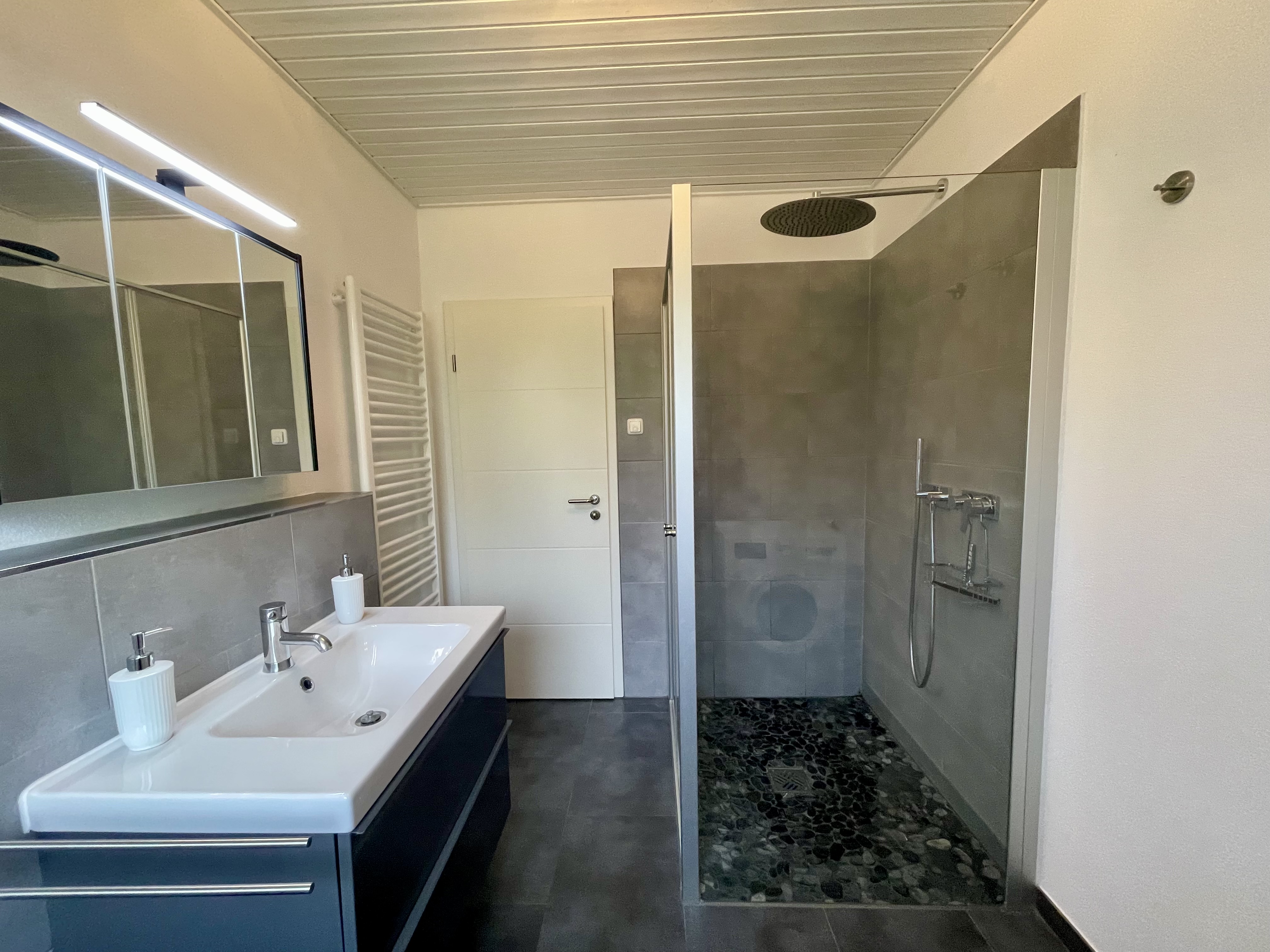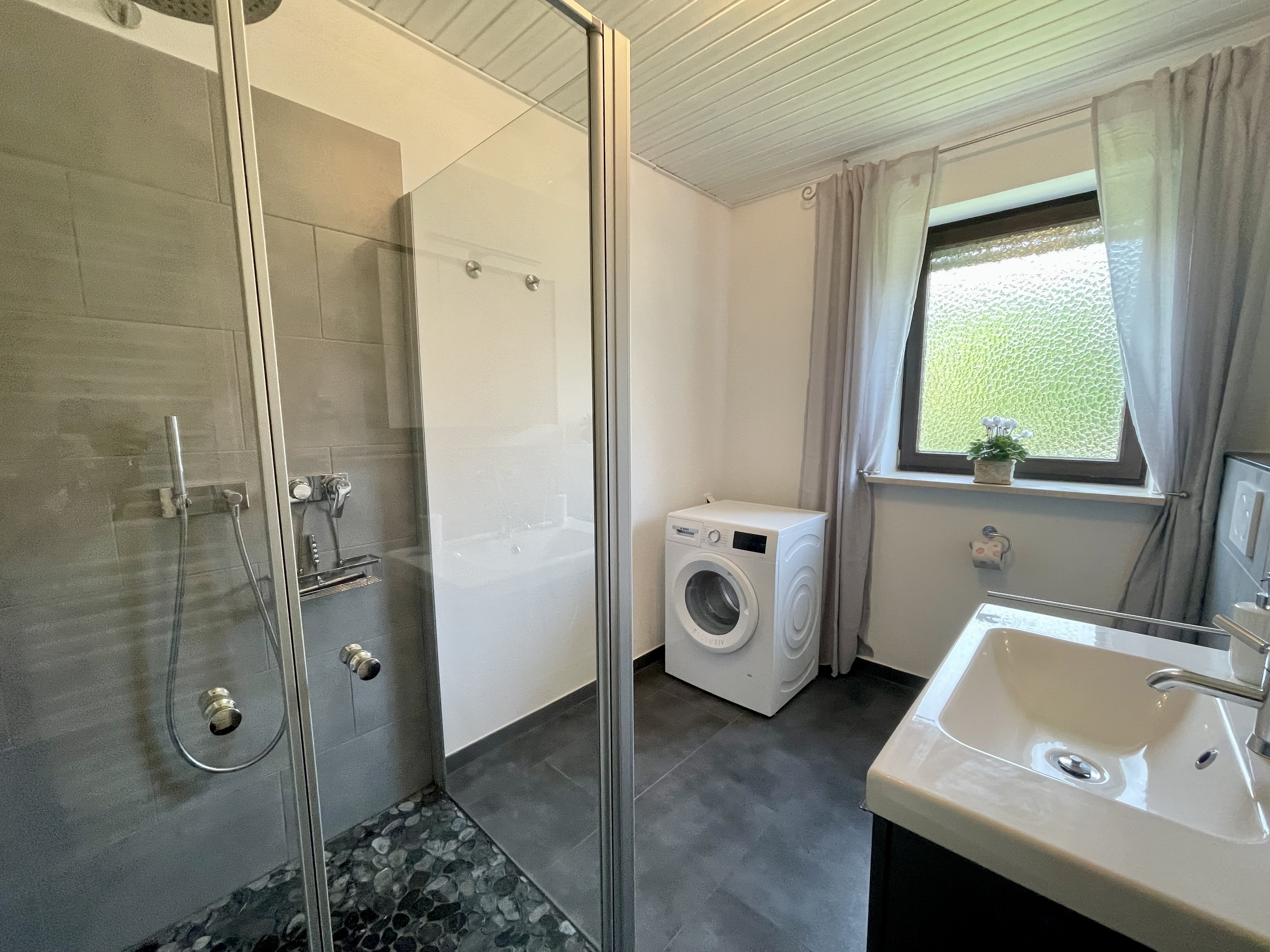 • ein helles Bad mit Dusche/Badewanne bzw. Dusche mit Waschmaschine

--

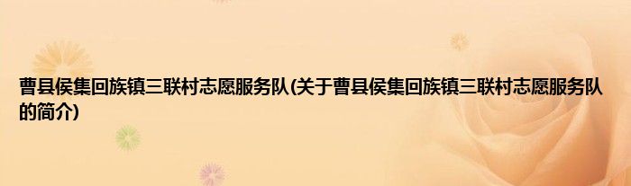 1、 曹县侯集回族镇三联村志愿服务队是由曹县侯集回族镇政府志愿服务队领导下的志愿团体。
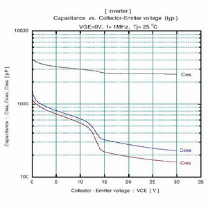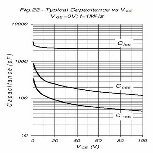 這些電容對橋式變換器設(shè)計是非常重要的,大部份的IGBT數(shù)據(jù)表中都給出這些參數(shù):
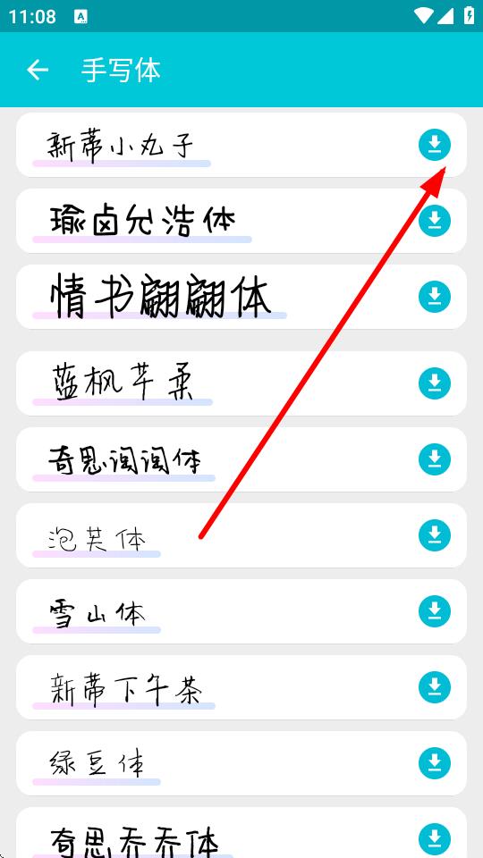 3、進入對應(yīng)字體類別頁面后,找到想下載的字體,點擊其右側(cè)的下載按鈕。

---

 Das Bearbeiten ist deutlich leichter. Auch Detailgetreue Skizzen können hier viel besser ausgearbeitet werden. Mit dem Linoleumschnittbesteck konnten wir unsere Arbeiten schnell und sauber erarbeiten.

**TASK DESCRIPTION:**
Your answer should be the lines above, word for word, from the line with "這些電容對橋式變換器設(sh" through the line with "3、進入對應(yīng)字體", minus the pictures.

**RESPONSE TO THIS EXERCISE:**
 這些電容對橋式變換器設(shè)計是非常重要的,大部份的IGBT數(shù)據(jù)表中都給出這些參數(shù):
 3、進入對應(yīng)字體類別頁面后,找到想下載的字體,點擊其右側(cè)的下載按鈕。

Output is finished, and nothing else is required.